Find all $x,y$ positive integers $$x + y^2 + (\gcd(x, y))^2 = xy \cdot \gcd(x, y)$$

I tried supposing $\gcd(x,y)=d$ and letting $x=ad$, $y=bd$ but didn't get anything the closest thing I think is usefull that $(b+1)^2+4a^2b$ is a perfect square.

Answer 1

Your start is very good. Now you have $$ad+b^2d^2+d^2=abd^3$$ thus $$a+db^2+d=abd^2\implies d\mid a$$ so $a=dc$ for some integer $c$ and now we have: $$c+b^2+1=cbd^2$$

From here we have $$c={b^2+1\over bd^2-1}\implies \boxed{bd^2-1\mid b^2+1}$$

Now we have $$\color{red}{bd^2-1}\mid (b^2+1)d^2-(bd^2-1)b =\color{red}{ d^2+b }$$

From here we deduce $$bd^2-1\leq d^2+b\implies d^2\leq {b+1\over b-1}$$

if $b\ne 1$. Now if $b\geq 2 $ we get $d^2\leq 3$ so $d=1$ and so $$b-1\mid b^2+1 \implies b-1 \mid (b^2+1)-(b^2-1)=2$$

This means $b = 2=y$ so $a=5=x$ or $b=3=y$ and $a=5=x$.

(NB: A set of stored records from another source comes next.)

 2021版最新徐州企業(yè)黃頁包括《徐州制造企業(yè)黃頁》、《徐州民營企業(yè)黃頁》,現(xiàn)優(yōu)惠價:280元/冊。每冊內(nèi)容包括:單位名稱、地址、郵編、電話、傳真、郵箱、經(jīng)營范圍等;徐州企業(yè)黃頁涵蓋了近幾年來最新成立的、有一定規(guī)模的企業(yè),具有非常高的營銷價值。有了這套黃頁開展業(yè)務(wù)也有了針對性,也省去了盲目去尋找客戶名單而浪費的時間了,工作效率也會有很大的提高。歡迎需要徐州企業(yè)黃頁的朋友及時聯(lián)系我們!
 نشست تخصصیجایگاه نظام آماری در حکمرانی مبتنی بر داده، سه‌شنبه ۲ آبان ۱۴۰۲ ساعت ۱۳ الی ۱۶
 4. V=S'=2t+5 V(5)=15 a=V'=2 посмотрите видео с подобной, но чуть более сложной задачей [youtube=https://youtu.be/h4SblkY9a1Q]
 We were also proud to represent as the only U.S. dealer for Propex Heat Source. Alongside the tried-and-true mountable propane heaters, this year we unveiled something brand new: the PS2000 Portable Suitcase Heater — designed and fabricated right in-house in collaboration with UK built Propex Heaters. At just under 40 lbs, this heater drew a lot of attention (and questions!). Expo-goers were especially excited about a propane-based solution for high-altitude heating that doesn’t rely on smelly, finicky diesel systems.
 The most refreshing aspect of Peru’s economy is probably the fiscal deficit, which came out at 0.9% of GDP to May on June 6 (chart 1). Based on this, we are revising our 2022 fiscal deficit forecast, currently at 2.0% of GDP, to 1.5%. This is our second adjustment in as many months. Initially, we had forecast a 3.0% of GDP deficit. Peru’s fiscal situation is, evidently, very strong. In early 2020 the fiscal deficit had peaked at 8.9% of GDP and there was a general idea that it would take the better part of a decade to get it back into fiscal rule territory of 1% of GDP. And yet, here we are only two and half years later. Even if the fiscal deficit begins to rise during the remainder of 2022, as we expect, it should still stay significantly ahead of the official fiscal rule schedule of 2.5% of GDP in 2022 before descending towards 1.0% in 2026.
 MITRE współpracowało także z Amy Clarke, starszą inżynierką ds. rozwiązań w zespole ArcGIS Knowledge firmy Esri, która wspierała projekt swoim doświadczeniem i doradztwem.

If $b=1$ we get from boxed relation $d-1\mid 2$ so $d=2$ or $d=3$...

Answer 2

Your substitutions give the equation $$ad+b^2d^2+d^2=abd^3$$ Modulo $bd^2-1$ we obtain $$ad+b+d^2\equiv ad.$$ Then $bd^2-1$ is a factor of $b+d^2$ and so $bd^2-1\le b+d^2$. Either $d=1$ or $d\ge2$ and $$b\le \frac {d^2+1}{d^2-1}=1+ \frac {2}{d^2-1}<2.$$

IF $b=1.$

Then $a+2d=ad^2$. Therefore $a|2d$ and $d|a$ and so $a=d$ or $2d$. Neither possibility gives a solution.

IF $d=1,b\ge2.$

Then $b-1$ is a factor of $b+1$. Therefore $b+1\ge2(b-1)$ and $b=2$ or $3$. The solutions are $x=5,y=2$ and $x=5,y=3.$